In the absence of clear guidance, a recent report from the American Civil Liberties Union suggests, law enforcement agencies are making up the rules as they go along, often obtaining location data from cellphone carriers without a warrant even for routine investigations. Last week, a House subcommittee considered a bill that would address this threat to privacy by requiring a warrant for geolocational surveillance, regardless of the method used.
While the Supreme Court's decision involved surveillance that required a trespass on the target's property, five justices seemed to agree the real issue was the sensitive information collected by continually tracking his car for 28 days. As the U.S. Court of Appeals for the D.C. Circuit observed in the same case, "A person who knows all of another's travels can deduce whether he is a weekly churchgoer, a heavy drinker, a regular at the gym, an unfaithful husband, an outpatient receiving medical treatment, an associate of particular individuals or political groups -- and not just one such fact about a person, but all such facts."
Cellphone tracking can be even more revealing, since people take their phones everywhere, including private indoor locations. Furthermore, carriers retain location records for months or years, creating a trove of personal data that law enforcement agencies can peruse at will if there is no requirement for judicial authorization.
"There have always been facets of American life that have been uniquely safeguarded from the intrusive interference and observation of government," the ACLU's Catherine Crump told the House Judiciary Committee's Subcommittee on Crime, Terrorism and Homeland Security last week. "Geolocation surveillance threatens to make even those aspects of life an open book to government."
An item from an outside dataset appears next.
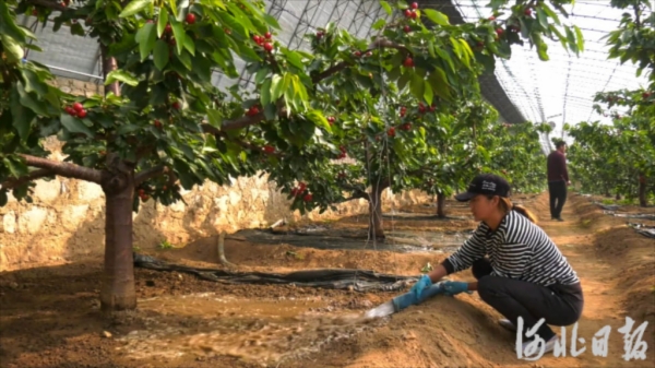 日前,山海关区石河镇望峪村大樱桃种植户在给樱桃树浇水。河北日报记者孙也达摄

Crump was testifying in support of the Geolocational Privacy and Surveillance (GPS) Act, a bill introduced by Rep. Jason Chaffetz, R-Utah, that would require the government to obtain a probable-cause warrant before intercepting or demanding geolocation data, except in emergencies and cases involving foreign intelligence.
That rule is considerably more protective than the Justice Department's current policy, which is to seek a warrant only for real-time tracking of cellphones using GPS or triangulation (a technique that helps locate a phone within the sector served by the nearest base station).
But, as Crump observed, "this is a meaningless distinction," since investigators can convert live tracking into historical records simply by waiting a minute or two before looking at the data. In any case, the Justice Department's rule bizarrely implies that examining six months of location records is somehow less intrusive than tracking a cellphone in real time for a day.
Furthermore, as University of Pennsylvania computer scientist Matt Blaze noted in his testimony on the GPS Act, the sectors served by each cellphone base station are becoming smaller and smaller as carriers strive to keep up with increasing demands on their networks. That means it may be possible to identify a target's specific location without GPS or triangulation, simply by knowing the closest base station, which is information cellphones automatically collect.
While the federal approach to cellphone tracking makes little sense, the ACLU reported last month that local policies "are in a state of chaos, with different towns following different rules -- or in some cases, having no rules at all."
Examining documents from more than 200 law enforcement agencies, the ACLU found that only a few had a general policy of seeking a warrant for cellphone tracking. Some do warrantless tracking only in life-threatening emergencies, but many do it routinely.
Our privacy deserves more respect. The GPS Act would provide it.